One early season water-seeded rice pest is the rice seed midge. I haven’t had too many calls about seed midge in my time here at LSU AgCenter, but I want to give you a little brush up on the biology of this pest and how to scout for injury. You can learn more about rice seed midge by clicking here.

Rice seed midge larvae injure rice seedlings by feeding on the roots and seeds of young seedlings. Begin scouting for seed midges 5 to 7 days after seeding the field. Look for hollow seeds and chewing marks on the seed, roots, or seedlings. If you confirm rice seed midge in a field causing injury, please shoot me an email. I’d like to get some better field shots of the injury and close-ups of this insect.

Rice Seed Midge - Chironomus spp.
The larvae develop through four instars before pupating under water in tubes.
The life cycle from egg to adult requires one to two weeks.

Larvae injure rice by feeding on the embryo of germinating seeds or on developing roots and seeds of very young seedlings.

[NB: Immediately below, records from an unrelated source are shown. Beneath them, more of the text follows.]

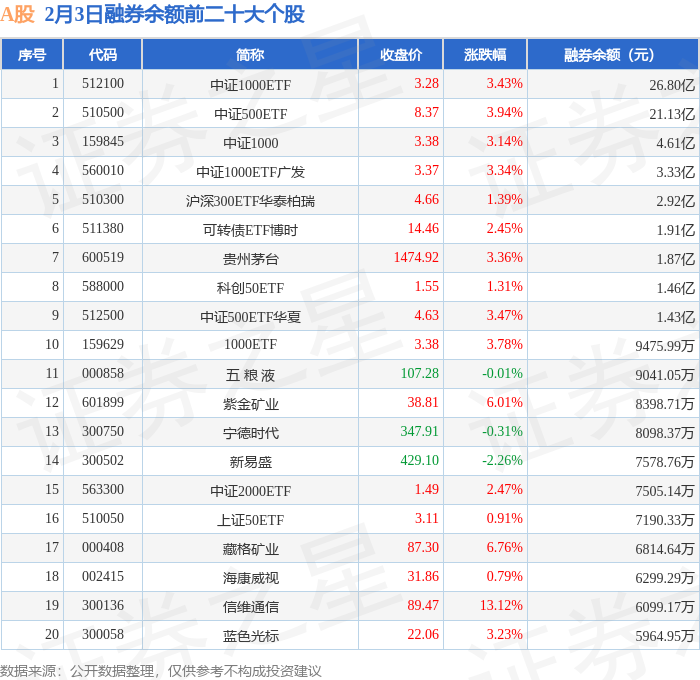 A股融券余额前三分别为:中证1000ETF(512100)融券余额26.8亿元、中证500ETF(510500)融券余额21.13亿元、中证1000(159845)融券余额4.61亿元,前20具体见下表: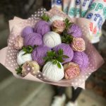 “Атлас☁️” – цветочная композиция с зефиром в деревянном ящике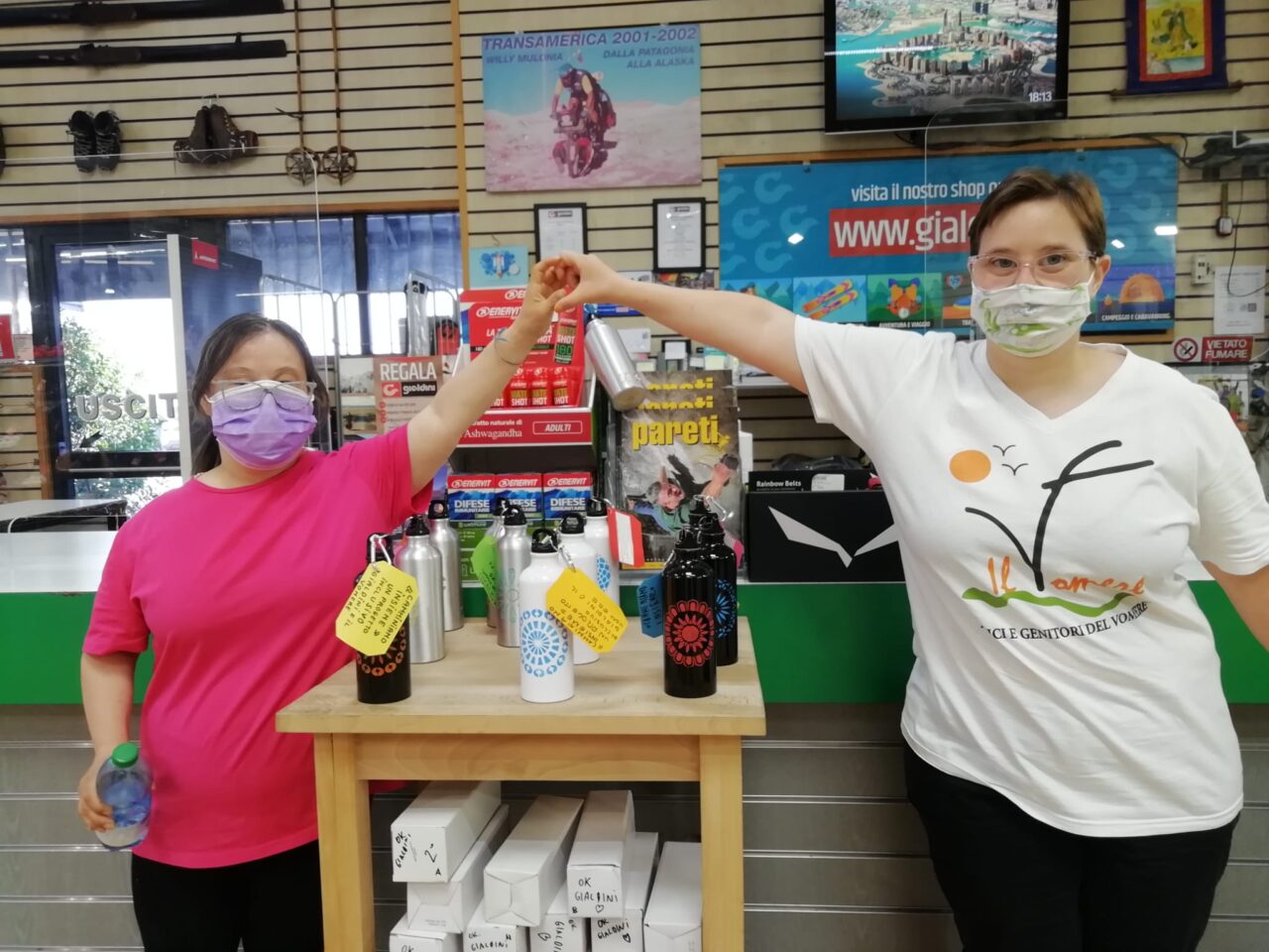 Ecco che ieri sera i ragazzi della onlus Il Vomere di Travagliato hanno consegnato al negozio Gialdini Brescia le borracce da loro dipinte, che da oggi saranno vendute agli sportivi della città.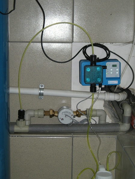 Через месяц после установки бойлера (125л) появился неприятный запах сероводорода и серая примесь в горячей воде - продукт жизнедеятельности бактерий, для которых условия в бойлере более чем благоприятные для активного размножения. Периодическая промывка бойлера и системы хлором не давала практически никакого эффекта. Было предложено применить Dutrion для дезинфекции воды и окисления железа, и установить станцию пропорционального дозирования. После установки оборудования (подмес диоксида хлора осуществляется перед фильтрами механической и комплексной очистки) и калибровки дозирования (10 дней при дозе 0,2 мг/л) была выставлена доза – 0,4 мг/л. Через семь дней неприятный запах уменьшился, вода стала чище. Дозировка была увеличена до 0,6 мг/л.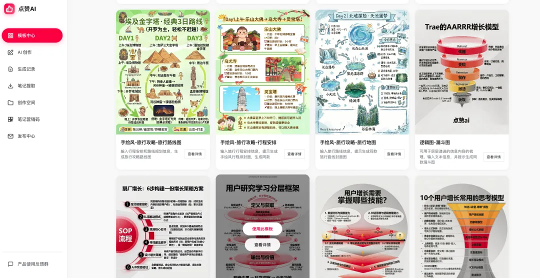[1] 选中模板框架进入点赞AI“模板中心”,直接调用已经设定好的【三栏手绘行程单】版式。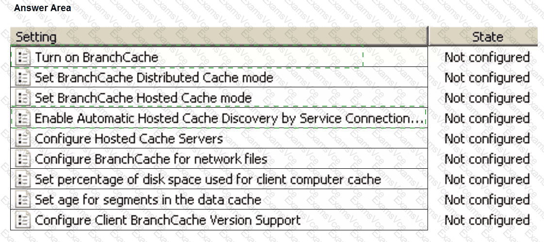 Which two Group Policy settings should you configure? To answer, select the settings in the answer area.

Midge injury is indicated by the presence of chewing marks on the seed, roots and shoots and by the presence of hollow seeds. Midge injury occurs in water-seeded rice and is usually not important once seedlings are several inches tall. Photo by J. Saichuk.

 

You can avoid rice seed midge injury by not holding water for more than 2 to 3 days before seeding. Pre-sprouting seed and avoiding planting in cool weather can also result in fast growth of the seedlings, decreasing the chance for injury by rice seed midge.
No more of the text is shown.